**What needs to be done:** What you write must match, character for character, the lines from the one with "Уе, уе, уе!" down to the one with "d時,氮濃度100 mg·L-1、200 mg·L-1的污水氨氮去除率分別為99.6%和99.3%、近100%,氮濃度400" in the listing below, minus its pictures.

-- Provided data follows --

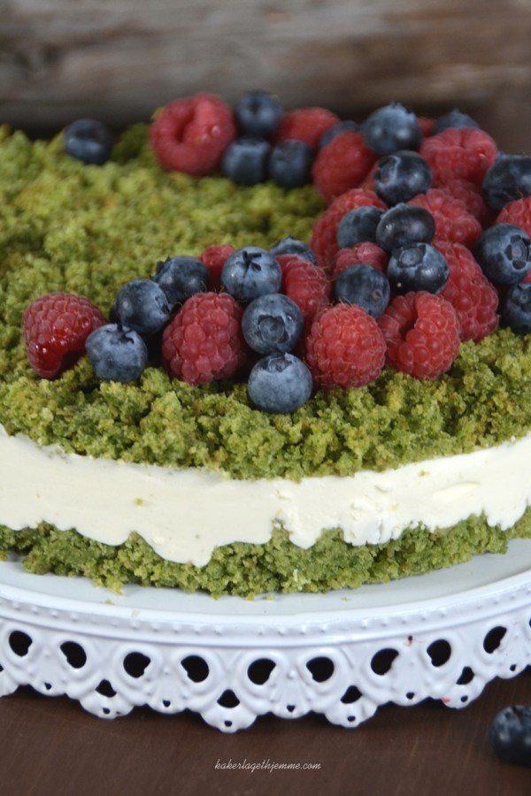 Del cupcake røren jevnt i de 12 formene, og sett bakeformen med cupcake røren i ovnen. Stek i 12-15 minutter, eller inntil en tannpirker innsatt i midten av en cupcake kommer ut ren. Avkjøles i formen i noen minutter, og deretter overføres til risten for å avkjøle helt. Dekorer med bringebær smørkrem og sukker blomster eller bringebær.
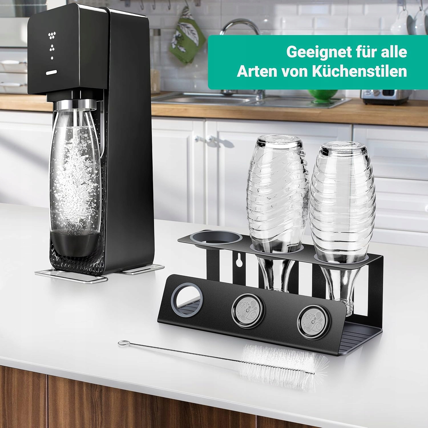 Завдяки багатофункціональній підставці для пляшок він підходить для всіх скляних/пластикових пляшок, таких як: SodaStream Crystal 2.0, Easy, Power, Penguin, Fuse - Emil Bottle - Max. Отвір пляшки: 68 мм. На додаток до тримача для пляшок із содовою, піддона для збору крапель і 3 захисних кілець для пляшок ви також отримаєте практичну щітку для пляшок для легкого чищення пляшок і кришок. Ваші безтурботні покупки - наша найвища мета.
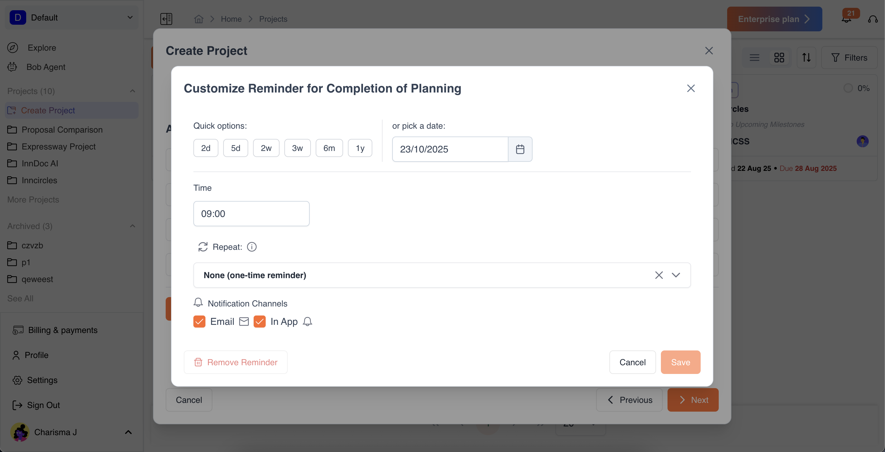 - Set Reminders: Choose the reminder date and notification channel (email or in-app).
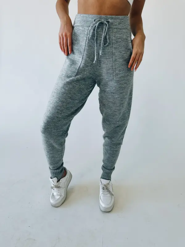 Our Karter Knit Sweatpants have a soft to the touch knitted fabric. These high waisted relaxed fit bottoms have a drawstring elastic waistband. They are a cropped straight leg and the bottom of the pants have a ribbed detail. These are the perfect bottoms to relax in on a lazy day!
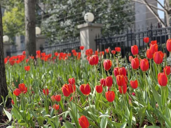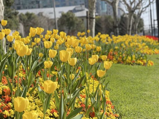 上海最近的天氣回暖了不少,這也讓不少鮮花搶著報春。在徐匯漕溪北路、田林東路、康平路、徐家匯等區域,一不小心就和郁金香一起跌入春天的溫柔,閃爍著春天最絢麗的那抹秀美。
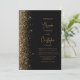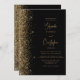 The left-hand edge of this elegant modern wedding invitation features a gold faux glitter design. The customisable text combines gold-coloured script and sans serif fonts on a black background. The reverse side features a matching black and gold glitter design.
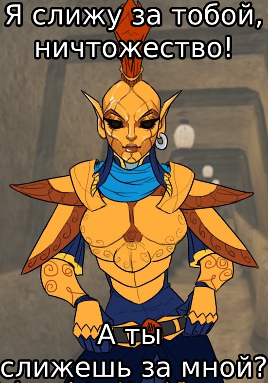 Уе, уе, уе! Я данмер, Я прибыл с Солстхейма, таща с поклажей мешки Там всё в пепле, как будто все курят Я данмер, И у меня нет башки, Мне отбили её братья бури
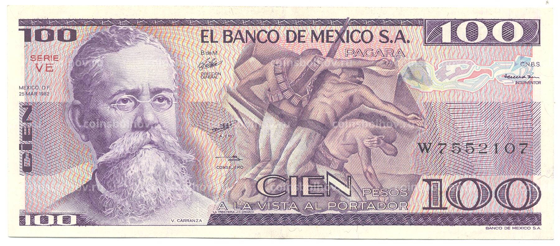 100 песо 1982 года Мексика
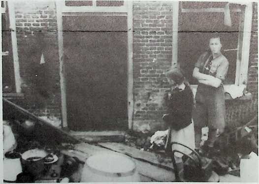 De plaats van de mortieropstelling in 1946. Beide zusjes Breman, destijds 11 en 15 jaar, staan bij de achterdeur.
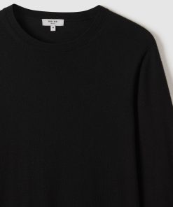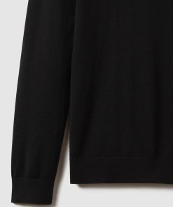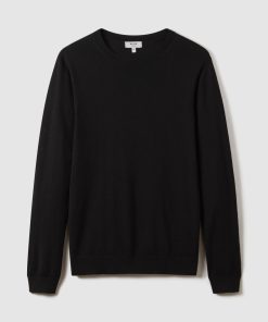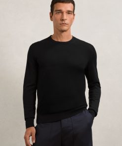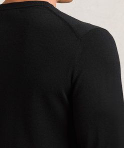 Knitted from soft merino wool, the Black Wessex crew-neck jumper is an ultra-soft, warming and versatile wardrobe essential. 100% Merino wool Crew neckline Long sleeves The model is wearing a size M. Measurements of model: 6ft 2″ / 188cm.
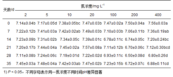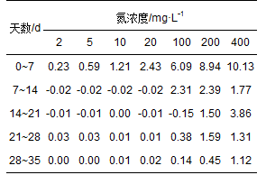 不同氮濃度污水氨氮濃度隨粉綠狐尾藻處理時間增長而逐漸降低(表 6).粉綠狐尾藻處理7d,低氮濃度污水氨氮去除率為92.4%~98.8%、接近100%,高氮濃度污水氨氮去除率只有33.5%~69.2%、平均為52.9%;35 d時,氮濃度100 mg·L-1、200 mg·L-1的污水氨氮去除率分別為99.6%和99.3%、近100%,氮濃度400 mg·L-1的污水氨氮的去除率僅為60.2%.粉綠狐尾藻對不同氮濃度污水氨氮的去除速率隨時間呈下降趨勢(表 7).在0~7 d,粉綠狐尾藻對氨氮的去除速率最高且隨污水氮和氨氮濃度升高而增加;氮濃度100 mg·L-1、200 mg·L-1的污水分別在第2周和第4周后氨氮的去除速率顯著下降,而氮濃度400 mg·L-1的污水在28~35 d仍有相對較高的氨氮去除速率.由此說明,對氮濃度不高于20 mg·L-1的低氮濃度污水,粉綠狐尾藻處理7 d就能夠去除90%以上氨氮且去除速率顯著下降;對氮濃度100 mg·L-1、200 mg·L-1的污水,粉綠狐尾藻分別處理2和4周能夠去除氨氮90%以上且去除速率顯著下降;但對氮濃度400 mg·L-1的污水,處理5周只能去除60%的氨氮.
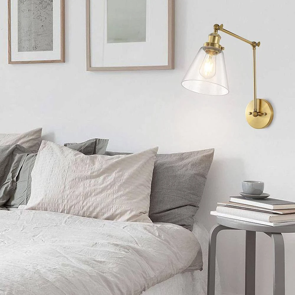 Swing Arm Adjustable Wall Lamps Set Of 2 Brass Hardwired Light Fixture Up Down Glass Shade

-- Provided data concluded --
-- Provided data follows --

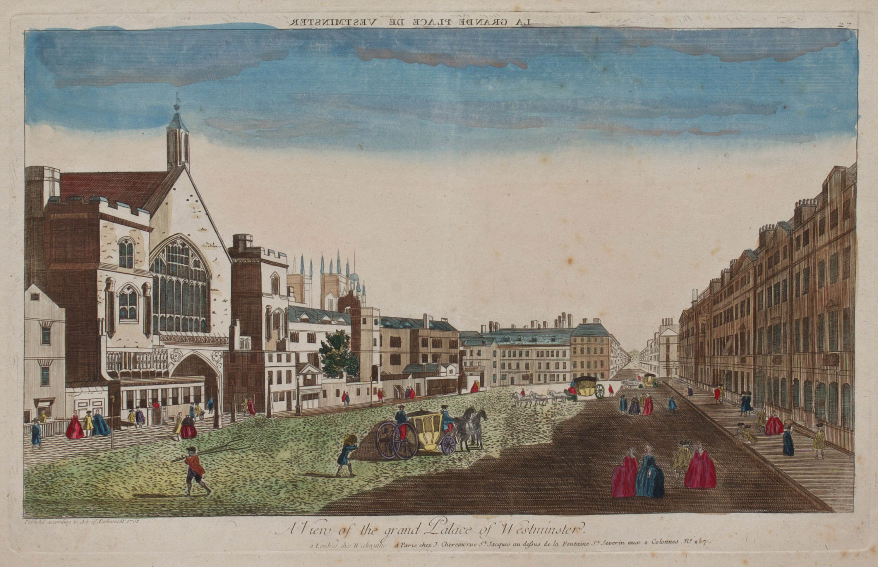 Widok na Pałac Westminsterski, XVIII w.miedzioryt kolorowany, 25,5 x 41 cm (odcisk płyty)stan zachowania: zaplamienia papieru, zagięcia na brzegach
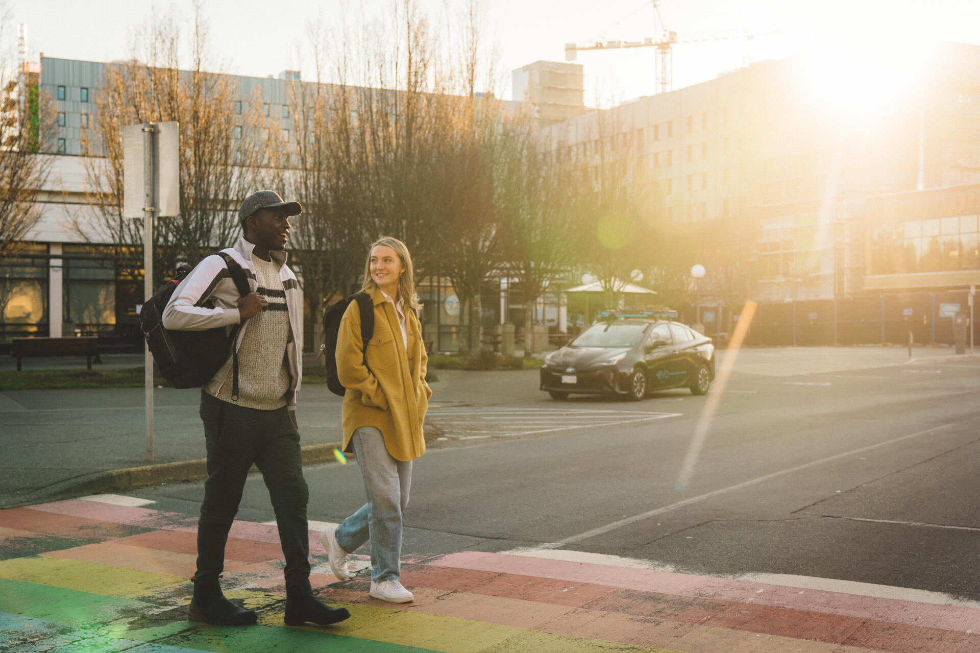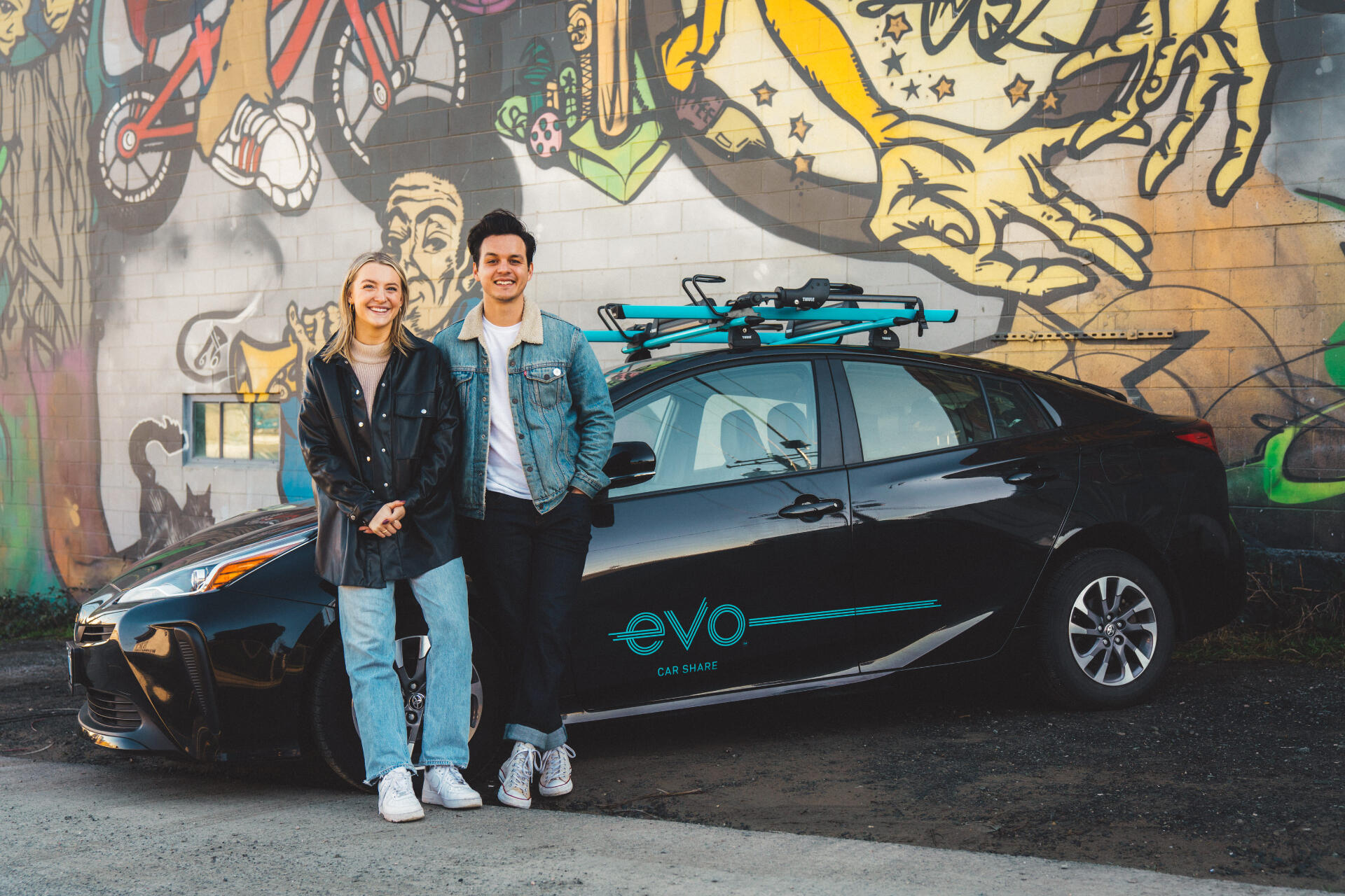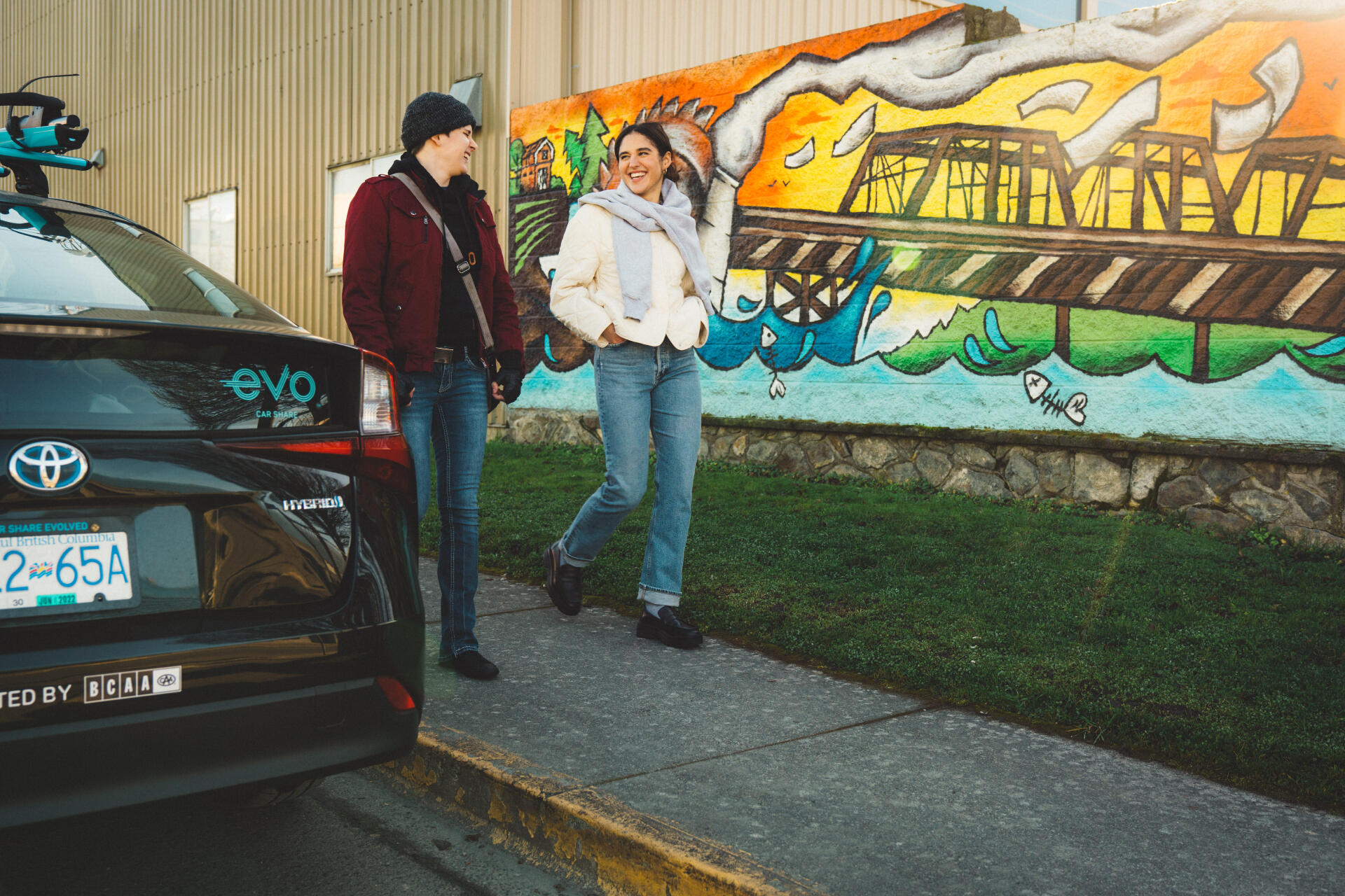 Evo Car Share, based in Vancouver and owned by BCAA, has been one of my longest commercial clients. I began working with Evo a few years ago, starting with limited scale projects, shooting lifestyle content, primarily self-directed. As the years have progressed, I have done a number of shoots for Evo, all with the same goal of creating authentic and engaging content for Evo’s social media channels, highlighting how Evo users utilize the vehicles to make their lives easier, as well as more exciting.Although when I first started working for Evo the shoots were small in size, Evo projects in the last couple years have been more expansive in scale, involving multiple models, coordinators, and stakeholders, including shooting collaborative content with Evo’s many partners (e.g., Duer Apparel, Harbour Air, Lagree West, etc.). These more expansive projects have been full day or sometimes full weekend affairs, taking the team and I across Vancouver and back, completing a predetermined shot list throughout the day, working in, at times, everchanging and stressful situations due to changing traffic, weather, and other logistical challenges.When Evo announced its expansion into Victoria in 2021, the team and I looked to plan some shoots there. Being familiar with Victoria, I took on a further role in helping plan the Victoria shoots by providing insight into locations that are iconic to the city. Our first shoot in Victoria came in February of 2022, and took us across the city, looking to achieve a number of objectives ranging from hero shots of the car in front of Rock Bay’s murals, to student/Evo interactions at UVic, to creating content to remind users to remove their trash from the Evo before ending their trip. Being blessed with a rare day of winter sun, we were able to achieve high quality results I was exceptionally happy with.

-- Provided data concluded --

**Written solution:**
 Уе, уе, уе! Я данмер, Я прибыл с Солстхейма, таща с поклажей мешки Там всё в пепле, как будто все курят Я данмер, И у меня нет башки, Мне отбили её братья бури
 100 песо 1982 года Мексика
 De plaats van de mortieropstelling in 1946. Beide zusjes Breman, destijds 11 en 15 jaar, staan bij de achterdeur.
 Knitted from soft merino wool, the Black Wessex crew-neck jumper is an ultra-soft, warming and versatile wardrobe essential. 100% Merino wool Crew neckline Long sleeves The model is wearing a size M. Measurements of model: 6ft 2″ / 188cm.
 不同氮濃度污水氨氮濃度隨粉綠狐尾藻處理時間增長而逐漸降低(表 6).粉綠狐尾藻處理7d,低氮濃度污水氨氮去除率為92.4%~98.8%、接近100%,高氮濃度污水氨氮去除率只有33.5%~69.2%、平均為52.9%;35 d時,氮濃度100 mg·L-1、200 mg·L-1的污水氨氮去除率分別為99.6%和99.3%、近100%,氮濃度400 mg·L-1的污水氨氮的去除率僅為60.2%.粉綠狐尾藻對不同氮濃度污水氨氮的去除速率隨時間呈下降趨勢(表 7).在0~7 d,粉綠狐尾藻對氨氮的去除速率最高且隨污水氮和氨氮濃度升高而增加;氮濃度100 mg·L-1、200 mg·L-1的污水分別在第2周和第4周后氨氮的去除速率顯著下降,而氮濃度400 mg·L-1的污水在28~35 d仍有相對較高的氨氮去除速率.由此說明,對氮濃度不高于20 mg·L-1的低氮濃度污水,粉綠狐尾藻處理7 d就能夠去除90%以上氨氮且去除速率顯著下降;對氮濃度100 mg·L-1、200 mg·L-1的污水,粉綠狐尾藻分別處理2和4周能夠去除氨氮90%以上且去除速率顯著下降;但對氮濃度400 mg·L-1的污水,處理5周只能去除60%的氨氮.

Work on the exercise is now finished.